Sheep prices have held up well through the autumn and despite having had the first cold spell of the season, which has drawn out more lambs, saleyard prices are still sound. Processors schedules are reflecting this and contracts for the April to June period are considerably above the current advertised prices, which mean solid prices will continue to be paid into winter.
Wool prices had a welcome lift at the latest Christchurch sale held last week with clean coarse crossbred ewe fleece averaging around $320 a kg and finer crossbred wool at approximately $349. Lambs wool also held well although more falling into the coarser end and overall crossbred lambs averaged around $4.27 per kg.

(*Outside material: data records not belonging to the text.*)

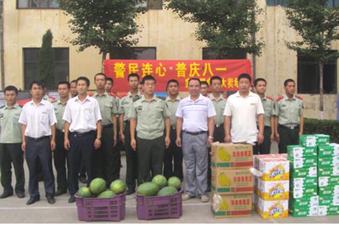 7月30日,內丘大賣場舉辦了“警民連心 普慶八一”慰問活動,副總經理梁雪堂等人對縣武警中隊和公安消防大隊、公安交警支隊及公安派出所進行慰問,為他們送去慰問品,并向他們致以節日的問候和崇高敬意。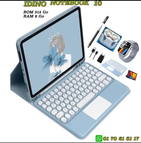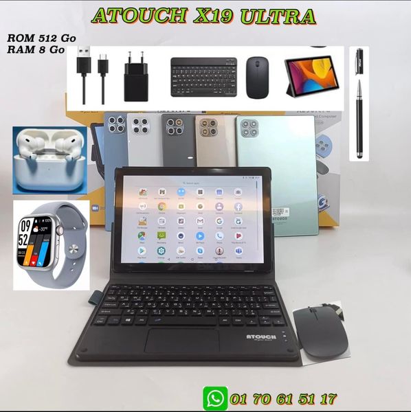 搜索关键词 Tablette Ordinateur, Android Tablet, 5G Tablet, Tablette pas cher, Tablet promotion, Bluetooth Keyboard, Smartwatch offer优势 Large internal memory (512 Go),High RAM (12 Go or 8 Go),Ultra-clear camera with flash,Bluetooth keyboard and mouse,Included accessories: Bluetooth headphones, smartwatch, stylus, chic case, anti-shock protection,Dual SIM support and 5G connectivity,Long battery life (10,000mAh),Pre-installed apps like Office, social media, and streaming services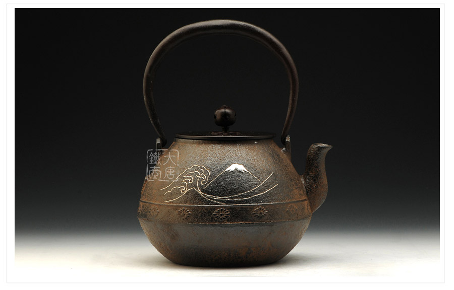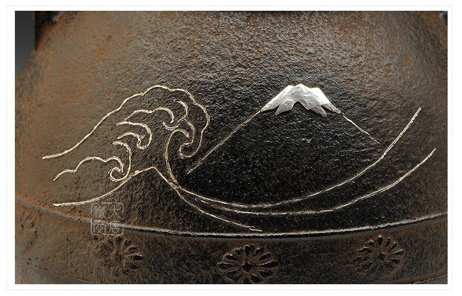 松壽堂 富士浪花銀鑲嵌鐵壺 [ 編號:53806 ]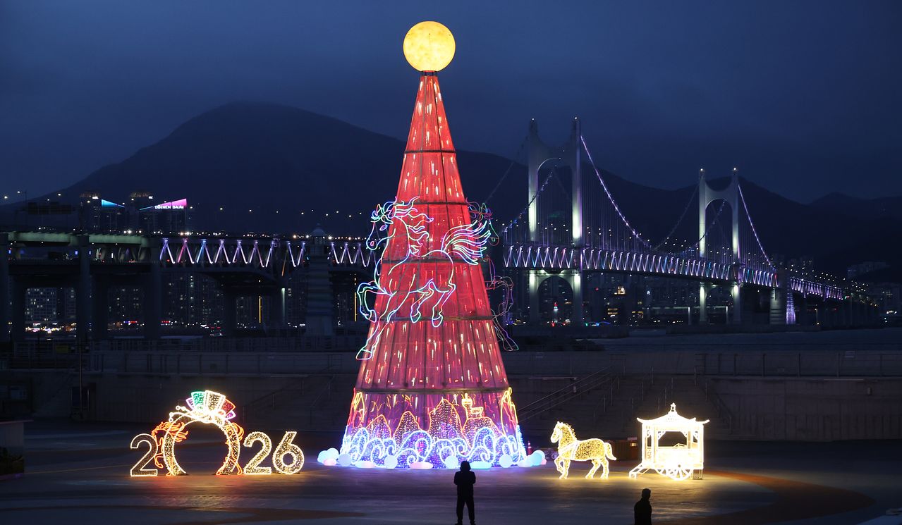 ‘2026 정월 대보름’을 앞두고 부산 남구가 용호별빛공원에 17m 높이, 지름 7.5m 친환경 LED 달집을 1일 밤 점등해 시민들의 눈길을 끌고 있다.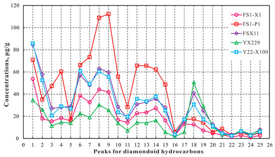 Concentrations of individual diamondoid hydrocarbons in condensate samples. (The peak number corresponds to the ordinal numbers in column 1 of Table 4).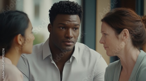 A man and two women are sitting at a table. The man is wearing a white shirt and the women are wearing pink. Scene is serious and contemplative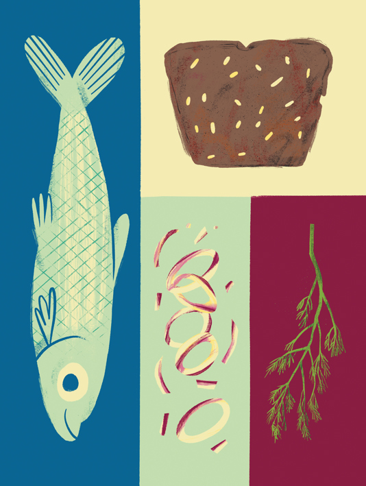 Ingredients: dark rye bread, butter, varied toppings such as pickled herring, liver pâté, cured meats, cheese, eggs and fresh herbs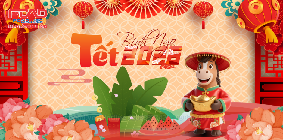 Phong cách này nổi bật với hình ảnh linh vật ngựa được cách điệu tinh tế, hòa quyện cùng những biểu tượng Tết truyền thống như hoa mai, hoa đào, bánh chưng xanh và câu đối đỏ rực rỡ. Tất cả được đặt trong gam màu chủ đạo đỏ – vàng, tượng trưng cho may mắn, tài lộc và một năm mới thịnh vượng, hanh thông.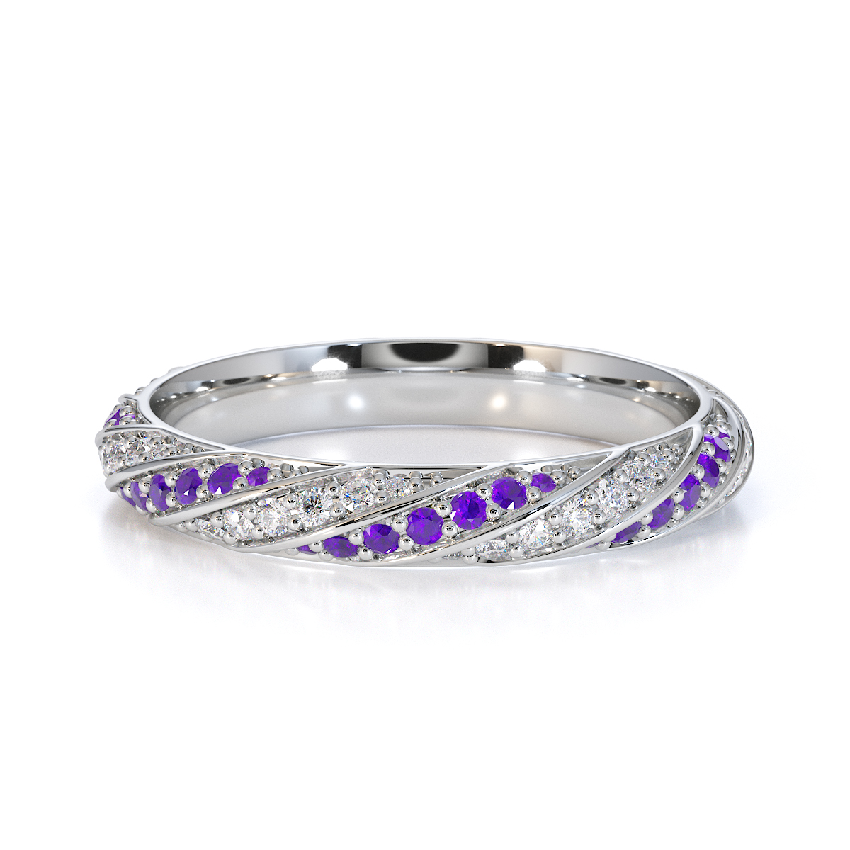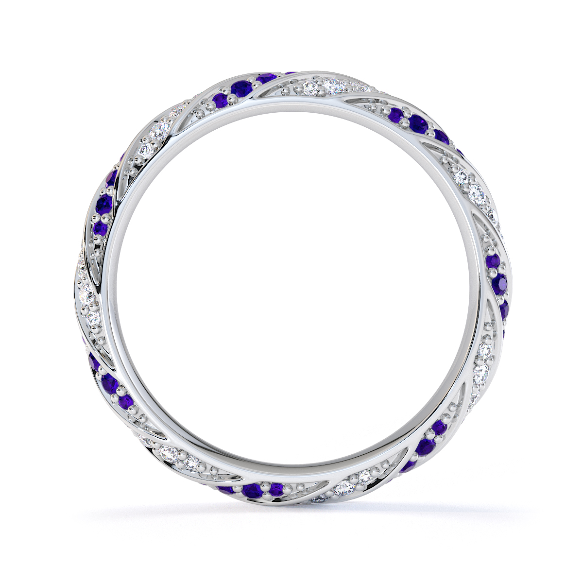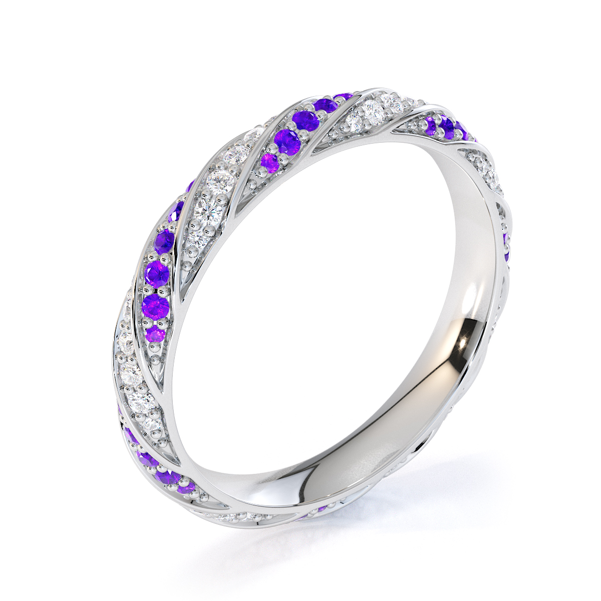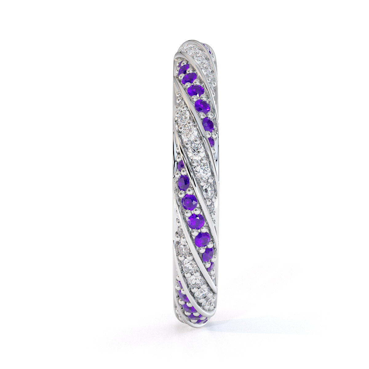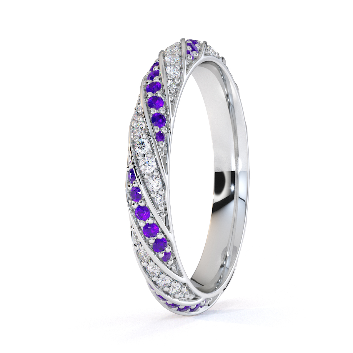 This eternity ring features timeless elegance with amethysts and diamonds, symbolising love and commitment. The full-eternity style, combined with a split prong setting, secures each stone while enhancing their brilliance. This elegant piece adds sophistication to any bride’s ensemble on her special day.

Prime grades have held at last week’s levels, however, bull and cow grades have come back by between 10-15 cents per kg at most plants. In New Zealand’s largest beef market, the USA, beef production forecast for first-half 2018 was reduced on an expected slower pace of feedlot cattle slaughter and lighter cattle weights. However, a catch-up is expected in the second half of 2018 with more feedlot cattle will be slaughtered and at heavier weights. Overall, the annual beef production forecast for 2018 have been pared back slightly on previous predictions. China, which is having increasingly greater importance for beef is experiencing a slight softening in demand.
Venison prices are still holding at the previous weeks high level. Numbers of deer coming forward are declining and due to bottom out in the June - July period before starting to build up again. So, prices are unlikely to drop until the supply of animals starts to pick up again.